■ **WHAT YOU WILL DO**
Transcribe the whole listing below. Pictures do not go in the copy.

■ **DATA PROVIDED**
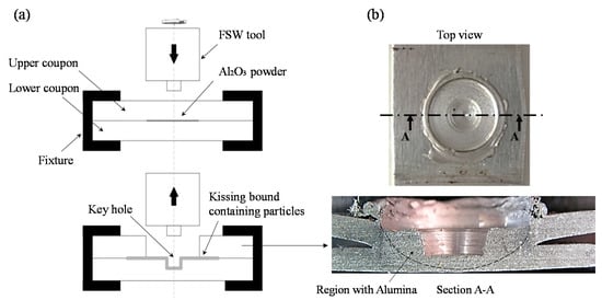 (a) The process of creating MMC through adding alumina powder in the weld nugget of FSSW joints; (b) a typical FSSW joint sample with the A–A cross-sectional view.
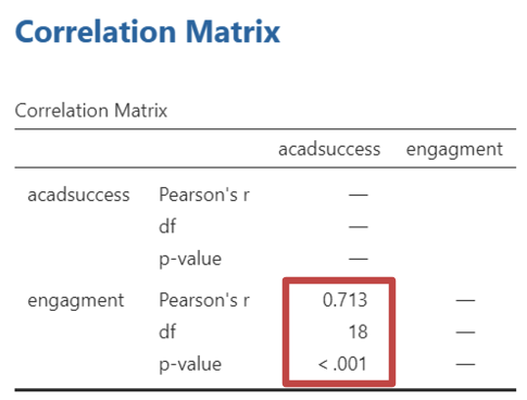 The following is an example of a correlation write-up, using the above example for the correlation between engagement and academic success. Remember that your results might be different if you have cleaned the data in any way (and that is fine – just remember to tell us what you did in your reports).
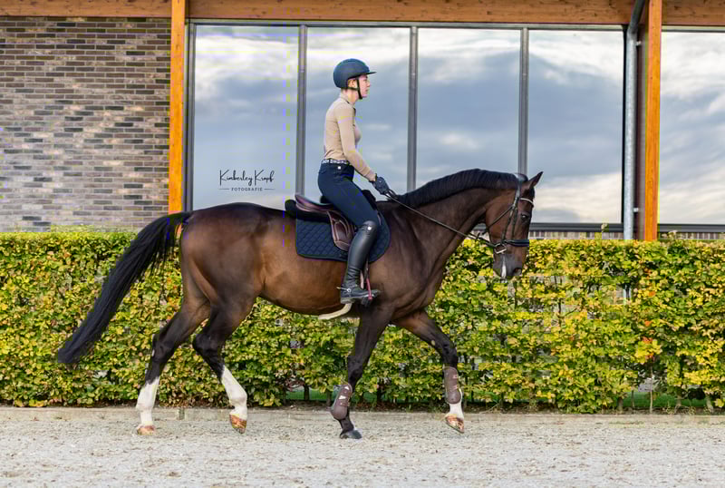 Komplex van de Beuzerik (Othello) is een 15-jarige ruin van Caruso x Heartbreaker met veel ervaring en een eerlijk karakter. Een paard dat je vertrouwen geeft in het parcours en plezier houdt in zijn werk. Othello heeft in het verleden 1.35 – 1.45 gesprongen en loopt momenteel 1.10 parcoursen. Hij beschikt over voldoende vermogen, is makkelijk te schakelen en prettig te rijden. In het parcours is hij niet kijkerig, denkt mee en heeft fijne ‘go’ zonder heet te worden. In de omgang is Othello lief, nieuwsgierig en werkwillig. Hij is braaf op vreemd terrein, gaat makkelijk op de trailer en is ook fijn buiten te rijden. Samen hebben wij de instructeursopleiding wedstrijdsport gevolgd aan Aeres, waardoor hij allround is opgeleid. Naast het springen is hij ook in de dressuur uitgebracht en heeft hij een winstpunt in het M2 behaald. In 2021 is hij klinisch en röntgenologisch goedgekeurd. Hij is altijd netjes bijgehouden door tandarts en osteopaat. Othello is energiek, fit en heeft zichtbaar plezier in zijn werk. Dit maakt Othello geschikt als schoolmaster en als ideaal paard voor de overgang van pony naar paard. Hij is een eerlijk en ervaren paard dat vertrouwen geeft aan ruiters die het springen nog moeten leren, maar ook voldoende kwaliteit en ervaring heeft voor ruiters die al kunnen springen en zich verder willen ontwikkelen naar een hoger niveau. Othello gaat alleen weg bij de juiste match en een 5* huisje. Vraagprijs: €14.500 (bespreekbaar bij de juiste match). Bij serieuze interesse graag contact opnemen via WhatsApp: 06-53404039 Video’s, extra foto’s of verdere informatie zijn op aanvraag beschikbaar.

■ **OUTPUT FOR THIS EXERCISE**
 (a) The process of creating MMC through adding alumina powder in the weld nugget of FSSW joints; (b) a typical FSSW joint sample with the A–A cross-sectional view.
 The following is an example of a correlation write-up, using the above example for the correlation between engagement and academic success. Remember that your results might be different if you have cleaned the data in any way (and that is fine – just remember to tell us what you did in your reports).
 Komplex van de Beuzerik (Othello) is een 15-jarige ruin van Caruso x Heartbreaker met veel ervaring en een eerlijk karakter. Een paard dat je vertrouwen geeft in het parcours en plezier houdt in zijn werk. Othello heeft in het verleden 1.35 – 1.45 gesprongen en loopt momenteel 1.10 parcoursen. Hij beschikt over voldoende vermogen, is makkelijk te schakelen en prettig te rijden. In het parcours is hij niet kijkerig, denkt mee en heeft fijne ‘go’ zonder heet te worden. In de omgang is Othello lief, nieuwsgierig en werkwillig. Hij is braaf op vreemd terrein, gaat makkelijk op de trailer en is ook fijn buiten te rijden. Samen hebben wij de instructeursopleiding wedstrijdsport gevolgd aan Aeres, waardoor hij allround is opgeleid. Naast het springen is hij ook in de dressuur uitgebracht en heeft hij een winstpunt in het M2 behaald. In 2021 is hij klinisch en röntgenologisch goedgekeurd. Hij is altijd netjes bijgehouden door tandarts en osteopaat. Othello is energiek, fit en heeft zichtbaar plezier in zijn werk. Dit maakt Othello geschikt als schoolmaster en als ideaal paard voor de overgang van pony naar paard. Hij is een eerlijk en ervaren paard dat vertrouwen geeft aan ruiters die het springen nog moeten leren, maar ook voldoende kwaliteit en ervaring heeft voor ruiters die al kunnen springen en zich verder willen ontwikkelen naar een hoger niveau. Othello gaat alleen weg bij de juiste match en een 5* huisje. Vraagprijs: €14.500 (bespreekbaar bij de juiste match). Bij serieuze interesse graag contact opnemen via WhatsApp: 06-53404039 Video’s, extra foto’s of verdere informatie zijn op aanvraag beschikbaar.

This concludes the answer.